*INPUT RECORDS:*
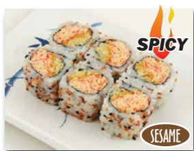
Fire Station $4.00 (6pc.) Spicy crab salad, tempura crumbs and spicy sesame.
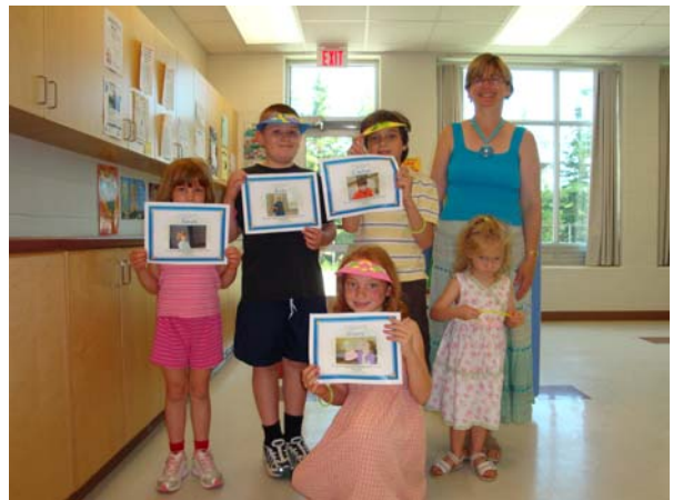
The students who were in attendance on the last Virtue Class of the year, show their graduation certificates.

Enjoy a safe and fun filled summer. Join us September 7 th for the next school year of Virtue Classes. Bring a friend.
--
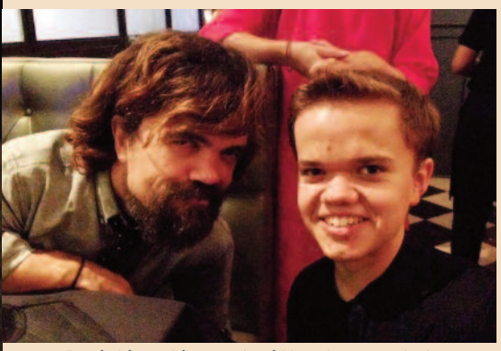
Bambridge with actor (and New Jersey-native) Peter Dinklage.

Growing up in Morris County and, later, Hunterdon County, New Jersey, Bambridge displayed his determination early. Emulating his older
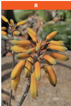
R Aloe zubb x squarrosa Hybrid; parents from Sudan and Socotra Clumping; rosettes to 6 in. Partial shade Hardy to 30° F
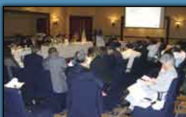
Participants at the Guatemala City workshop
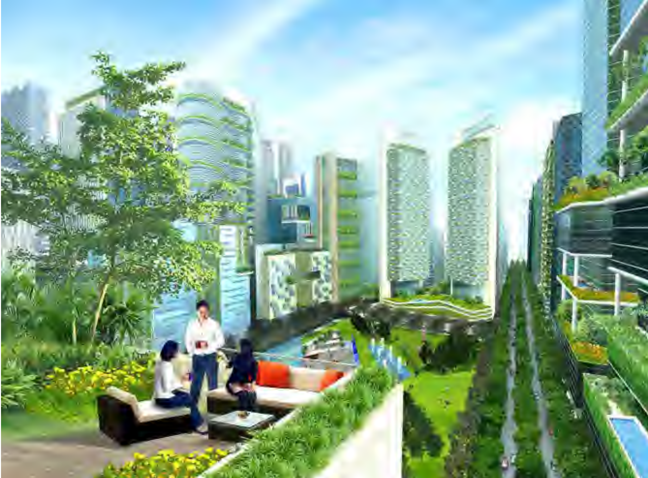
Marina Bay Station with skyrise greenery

*WHAT TO PRODUCE:*
Your copy should hold only the lines above from the one containing "Fire Station $4.00" through the one containing "The students who", exactly as written and free of pictures.

*EXPECTED ANSWER:*
Fire Station $4.00 (6pc.) Spicy crab salad, tempura crumbs and spicy sesame.
The students who were in attendance on the last Virtue Class of the year, show their graduation certificates.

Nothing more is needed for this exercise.